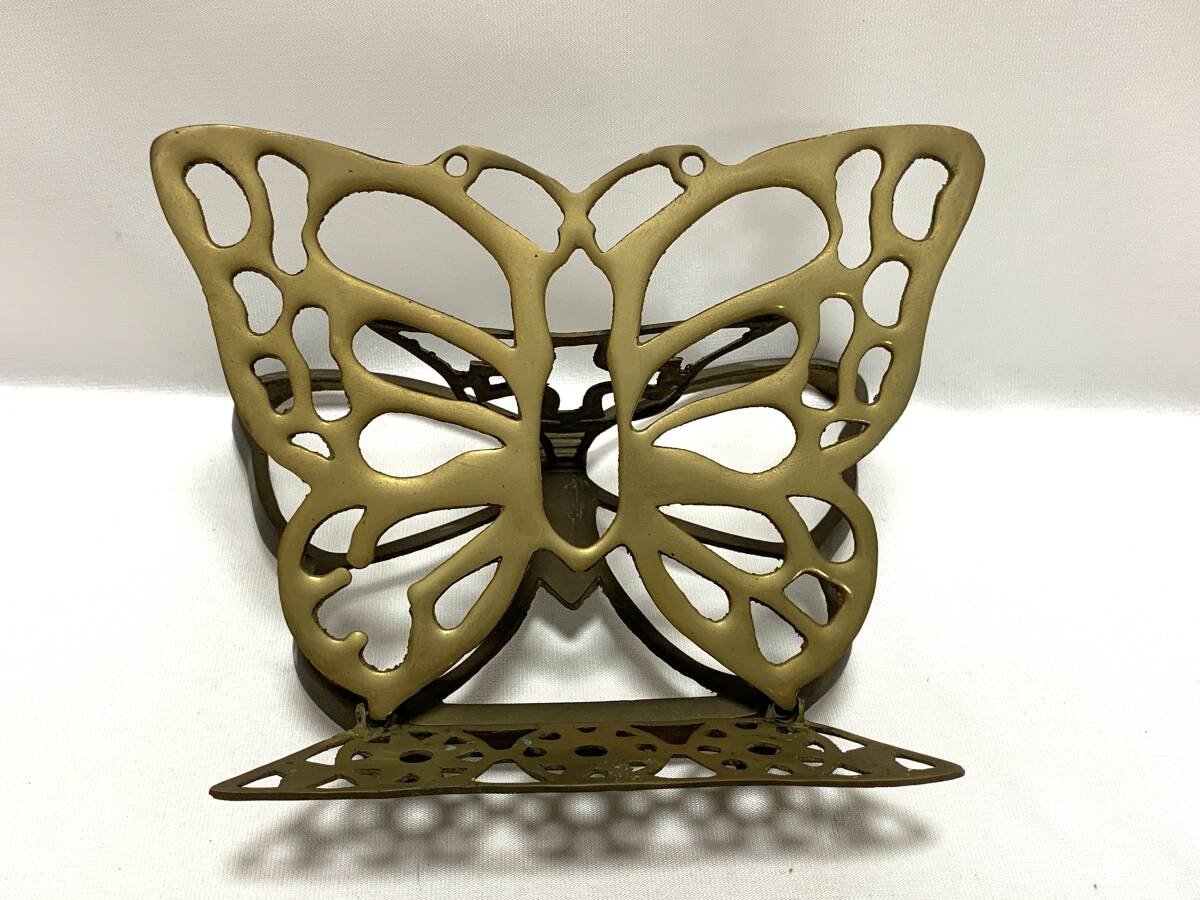 - U657 蝶々モチーフ アンティーク 真鍮製 バタフライ 譜面台 オブジェ アート 飾り 装飾 置物 重さ700g 金属 ウェルカムボード ヴィンテージ
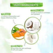 • Coconut Milk, shea butter, Aloe Vera, and Turmeric
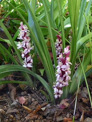 野草見本園のキチジョウソウ。根際に花序があるので、カメラもローアングルです。お目出たいことが起きたときに花を付けるという言い伝えから吉祥草の名を持っています。
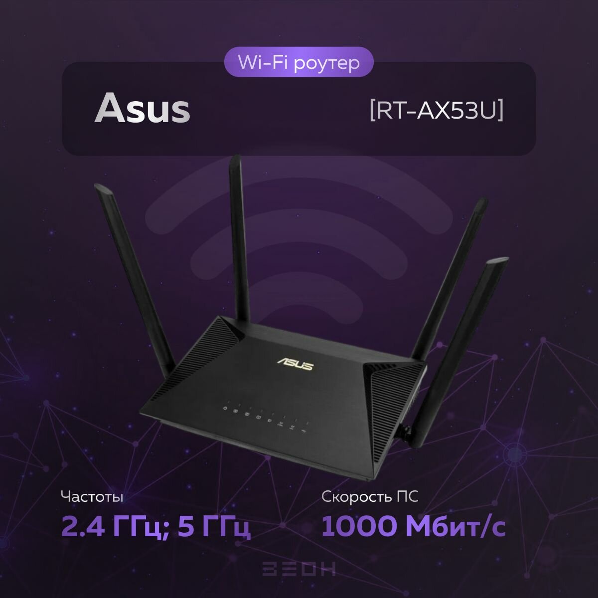 Wi-Fi роутер ASUS RT-AX53U, AX1800, черный
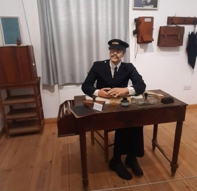 Στο μουσείο μας υποδέχτηκε ο υπεύθυνος, ο οποίος μας ξενάγησε στο χώρο.Εκεί παρακολουθήσαμε σύντομο βίντεο, το οποίο ήταν πολύ ενημερωτικό και βγάλαμε φωτογραφίες τις οποίες θα μελετήσουμε για την εργασία μας.
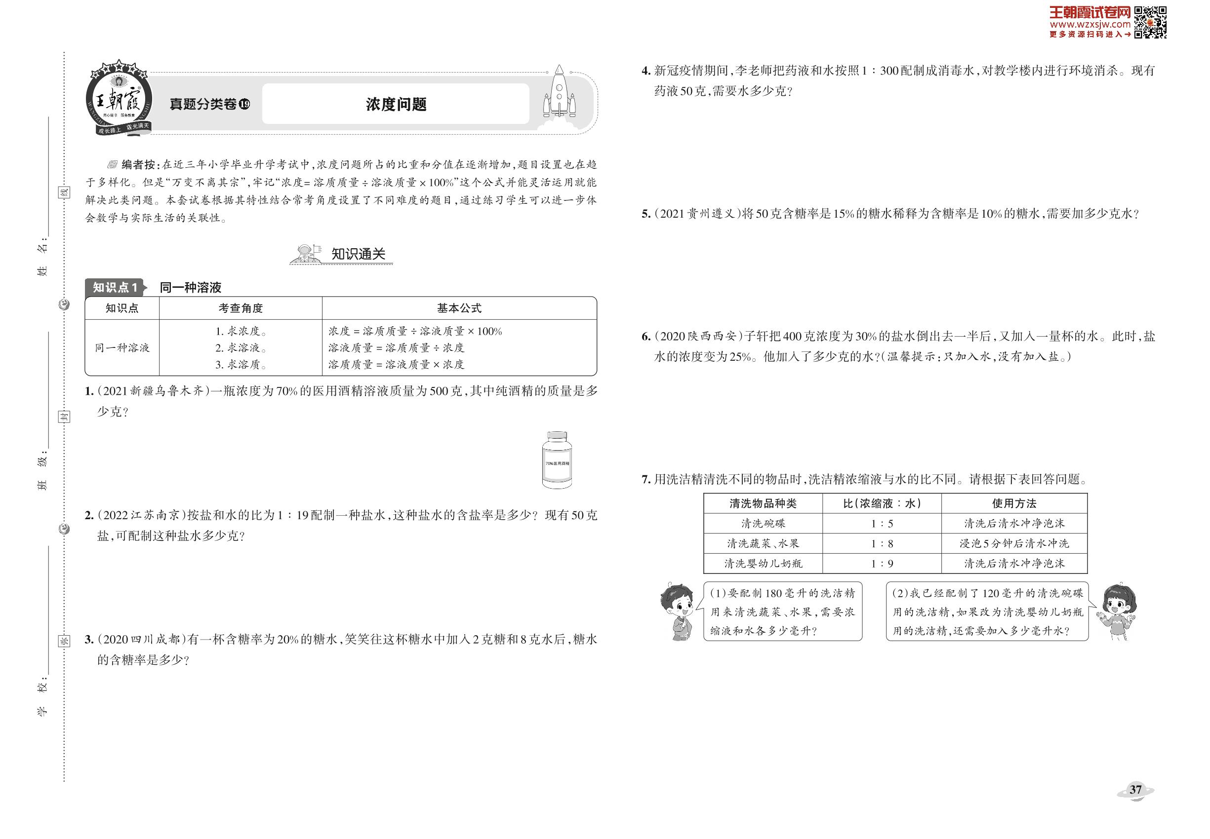 小升初数学真题分类·王朝霞精编卷——浓度问题_R221225102111203【19】

#### The problem:
Keep the pictures out and repeat exactly the lines from the beginning of the data through the line that contains "Wi-Fi роутер ASUS RT-AX53U, AX1800, черный", both ends included.

#### Result:
 - U657 蝶々モチーフ アンティーク 真鍮製 バタフライ 譜面台 オブジェ アート 飾り 装飾 置物 重さ700g 金属 ウェルカムボード ヴィンテージ
 • Coconut Milk, shea butter, Aloe Vera, and Turmeric
 野草見本園のキチジョウソウ。根際に花序があるので、カメラもローアングルです。お目出たいことが起きたときに花を付けるという言い伝えから吉祥草の名を持っています。
 Wi-Fi роутер ASUS RT-AX53U, AX1800, черный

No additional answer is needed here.